Funny thing, that, actually.  Edison didn't invent the light bulb.  You knew that, right?  Volta demonstrated the concept 79 years before Edison's patent.  Does that mean Edison wasn't a brilliant inventor?  No, he's got a whole passel of other credits to his name.  But in the case of the invention that is most commonly illustrated with his efforts, he didn't actually invent it.  Oops.  What he did was take what other people were already doing and make it into a commercially viable product.  See, the first light bulbs didn't burn bright enough, or burned out too soon, or drew way too much power, or cost way too much.  Edison's light bulb was a consumer-grade product, though.  This product that made him famous took well over a year and several thousand attempts and what I've been told was nearly $50,000 worth of resources (a princely sum at that time) to figure out.

See, that's what made him most successful.  It wasn't that he was caught up in a brilliant flash of inspiration.  It was that he recognized something that was important to do and kept at it until he succeeded.

He sucked it up.

"Suck it up" is a phrase that we used in the Infantry to tell each other to keep going no matter how much it hurt.  Keep at it no matter how much mud you have to crawl through.  Move forward no matter how hot it gets.
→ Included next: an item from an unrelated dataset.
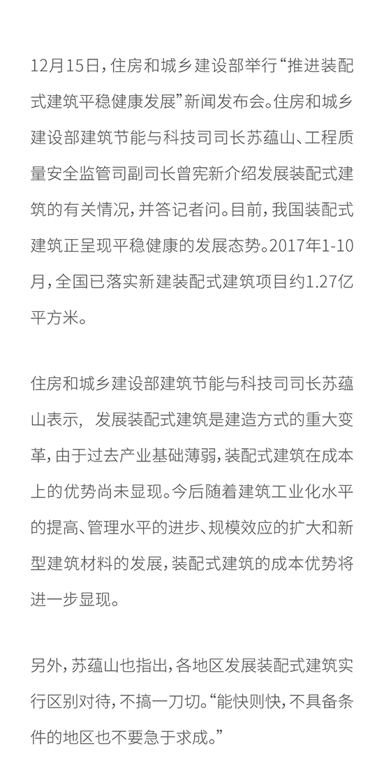 住建部:發(fā)展裝配式建筑不搞"一刀切" 成本優(yōu)勢將逐步顯現(xiàn)
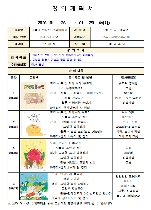 ● 일 시 : 2026년 1월 26일 ~ 1월 29일 (월~목) 오후 5시30분~6시20분 (총4회)

Buttercup?  Heck, that just rhymes.

It's a phrase I used to hate, actually, because I associated it with hard times.  What guy in his early 20's wants to go through a rough patch?  What Infantry officer wants to come under fire en route to a hilltop instead of just walking up there?  Who goes into an athletic contest saying "Gee, I hope they make it really difficult for me to win"?

Yes, on that last, I know some athletes actually do think that way.  I didn't, then.  Now, though, I get it.  What writer wants to write half a million words that suck before he starts writing stuff that is good?  Well, now that I know it's how it works, I do.  I come home tired after a long day of work and still write, because it's important that I do so.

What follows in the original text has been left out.